Below are lines of records; copy exactly those from the one containing "Exaggerated Two-layers Metal" through the one containing "HAKİ PİLELİ KETEN YELEK PANTOLON TAKIM 9298", leaving the pictures behind.

• **EXERCISE MATERIAL**

------------

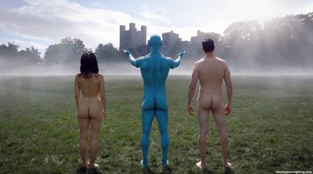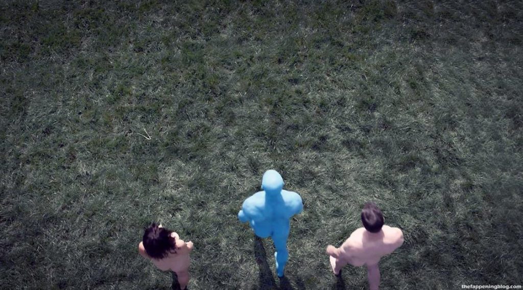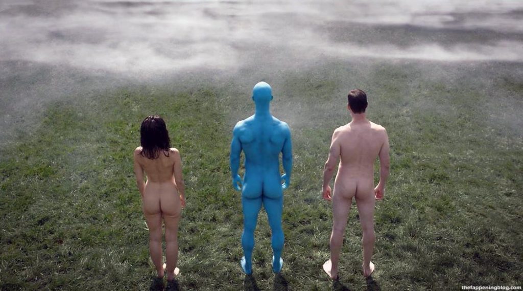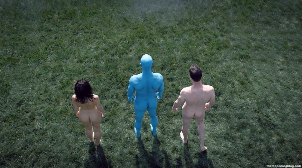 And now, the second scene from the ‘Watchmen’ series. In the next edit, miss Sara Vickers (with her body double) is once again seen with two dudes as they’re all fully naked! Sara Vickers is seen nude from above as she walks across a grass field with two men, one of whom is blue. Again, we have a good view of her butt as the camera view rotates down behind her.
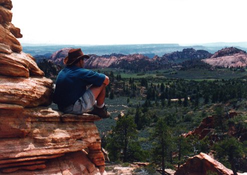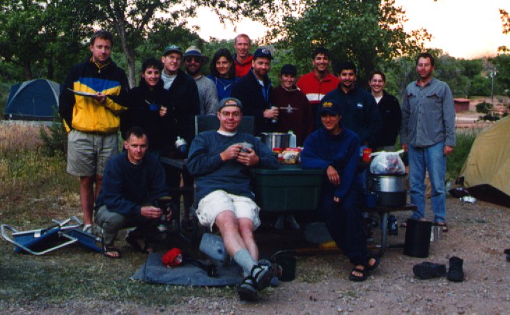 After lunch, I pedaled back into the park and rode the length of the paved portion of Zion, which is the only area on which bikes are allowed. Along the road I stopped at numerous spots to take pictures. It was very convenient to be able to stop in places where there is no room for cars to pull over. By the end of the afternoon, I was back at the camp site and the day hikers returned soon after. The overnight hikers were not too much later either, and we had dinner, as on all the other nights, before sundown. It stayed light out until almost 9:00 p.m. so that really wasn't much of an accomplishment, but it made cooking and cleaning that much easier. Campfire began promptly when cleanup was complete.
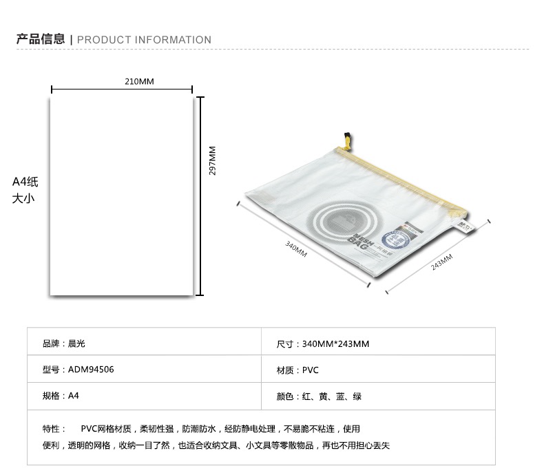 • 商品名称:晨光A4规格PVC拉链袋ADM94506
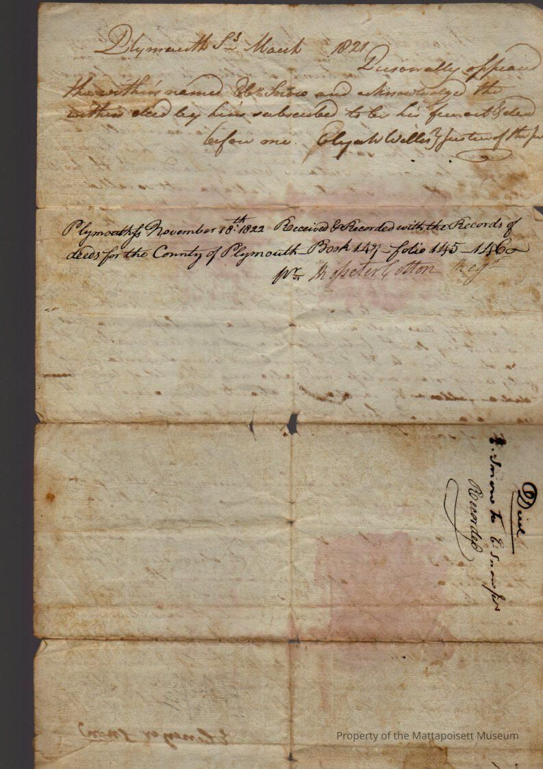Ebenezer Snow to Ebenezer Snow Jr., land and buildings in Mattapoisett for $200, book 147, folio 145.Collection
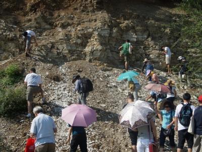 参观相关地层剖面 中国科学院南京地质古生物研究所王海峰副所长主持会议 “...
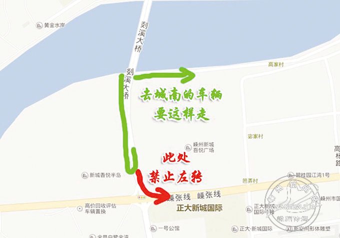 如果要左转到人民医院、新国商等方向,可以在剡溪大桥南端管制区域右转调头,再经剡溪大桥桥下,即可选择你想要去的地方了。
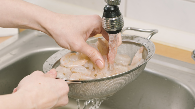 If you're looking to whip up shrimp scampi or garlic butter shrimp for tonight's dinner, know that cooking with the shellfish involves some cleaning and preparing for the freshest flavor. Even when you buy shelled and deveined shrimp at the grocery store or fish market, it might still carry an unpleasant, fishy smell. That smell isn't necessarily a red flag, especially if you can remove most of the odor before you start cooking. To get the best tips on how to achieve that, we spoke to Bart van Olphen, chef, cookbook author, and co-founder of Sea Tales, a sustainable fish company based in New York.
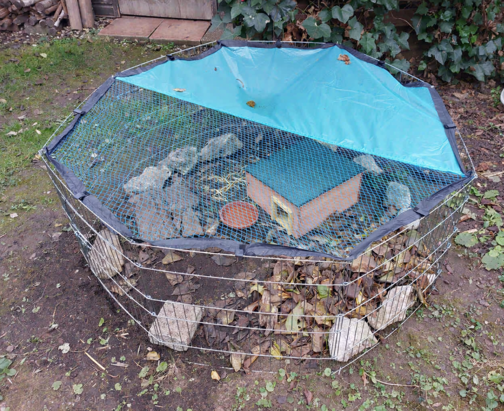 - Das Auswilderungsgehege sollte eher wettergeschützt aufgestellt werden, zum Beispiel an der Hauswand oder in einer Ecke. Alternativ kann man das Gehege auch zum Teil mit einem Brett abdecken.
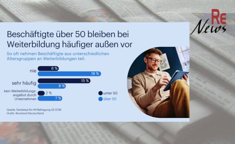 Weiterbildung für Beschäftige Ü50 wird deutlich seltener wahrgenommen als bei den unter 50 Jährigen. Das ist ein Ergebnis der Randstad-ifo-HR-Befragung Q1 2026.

------------

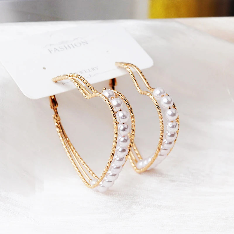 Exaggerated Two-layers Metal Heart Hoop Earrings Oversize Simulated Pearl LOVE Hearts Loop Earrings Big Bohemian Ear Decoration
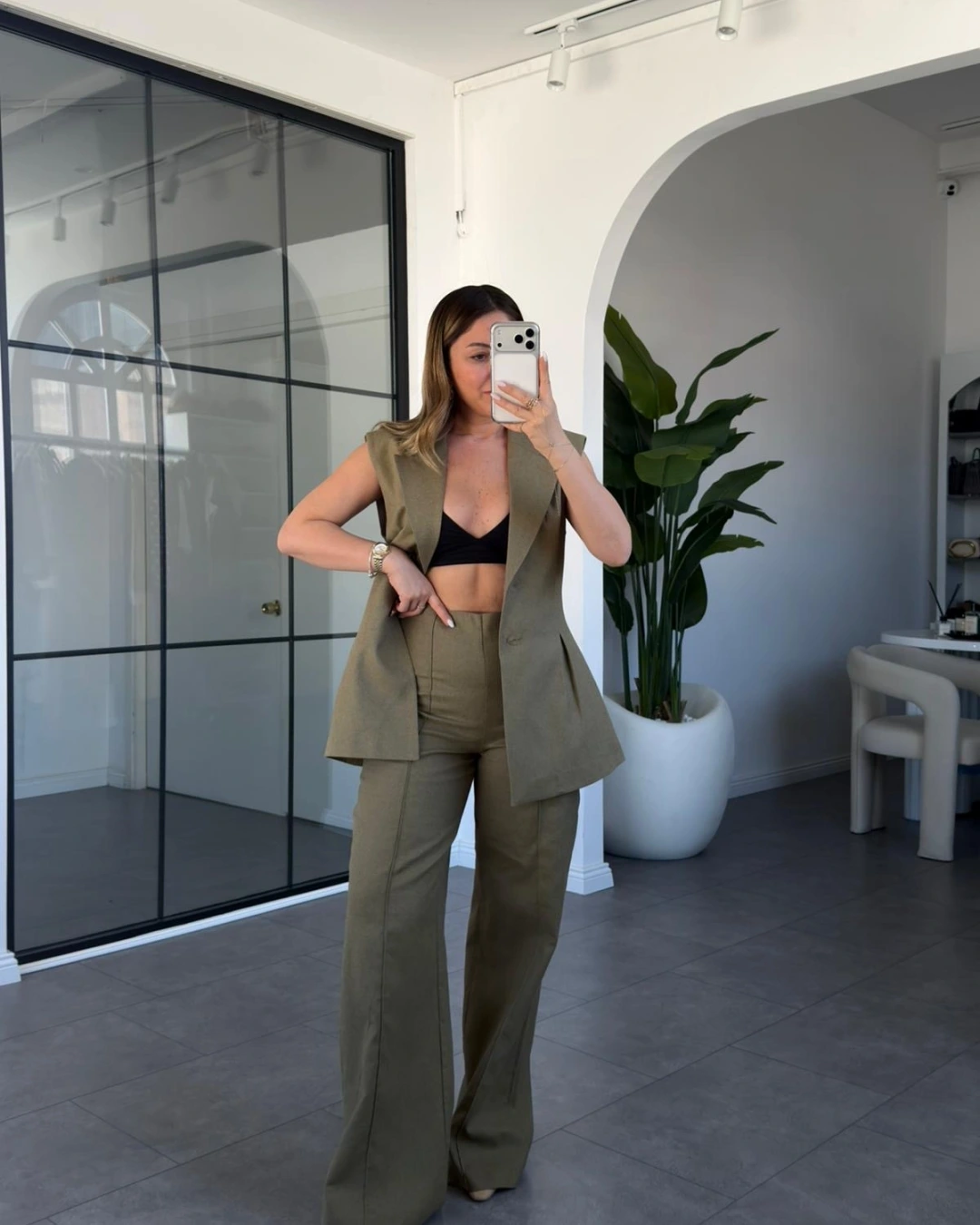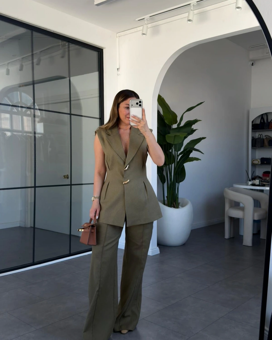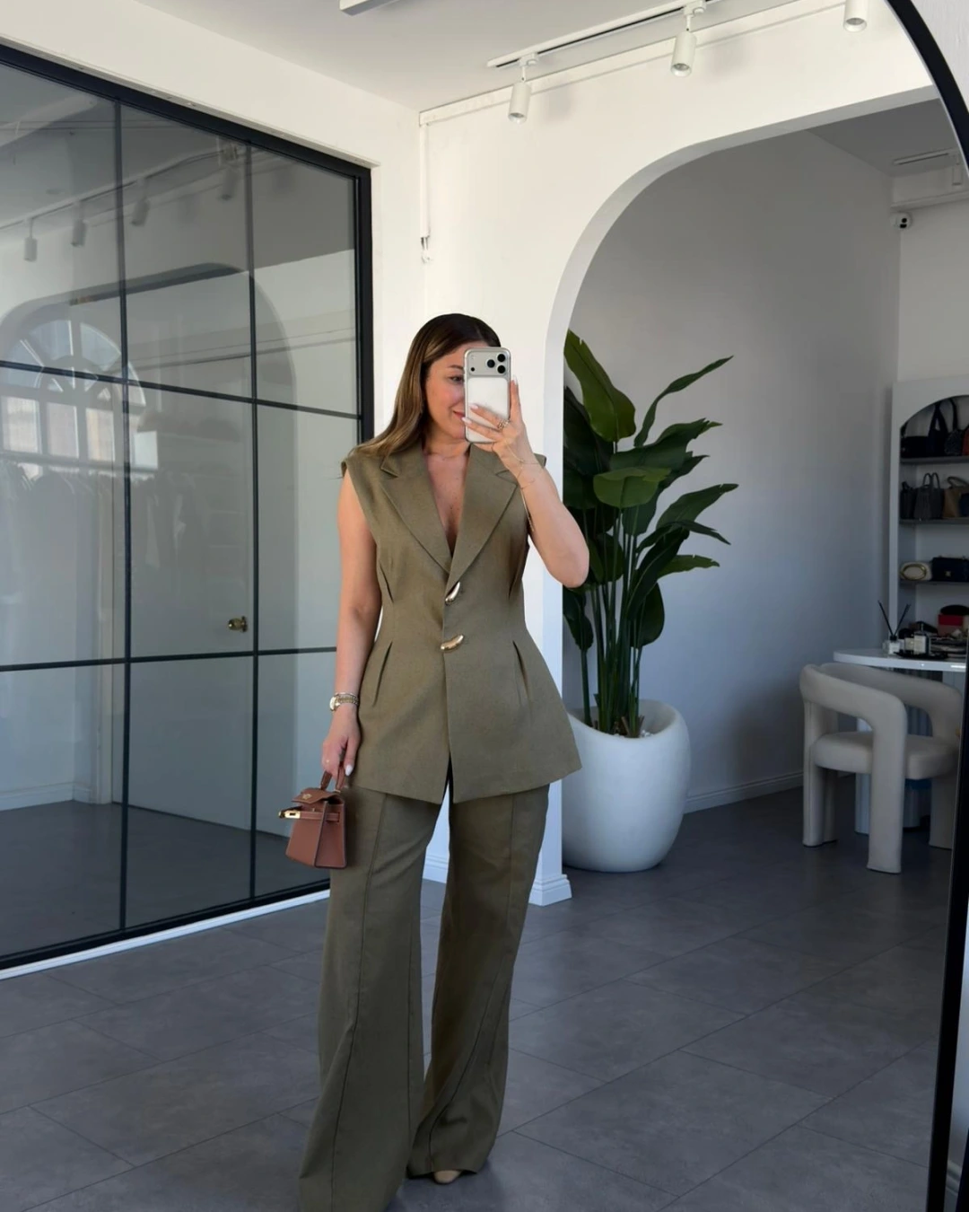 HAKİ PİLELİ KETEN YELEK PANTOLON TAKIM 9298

------------

• **REPLY TO THE EXERCISE**
 Exaggerated Two-layers Metal Heart Hoop Earrings Oversize Simulated Pearl LOVE Hearts Loop Earrings Big Bohemian Ear Decoration
 HAKİ PİLELİ KETEN YELEK PANTOLON TAKIM 9298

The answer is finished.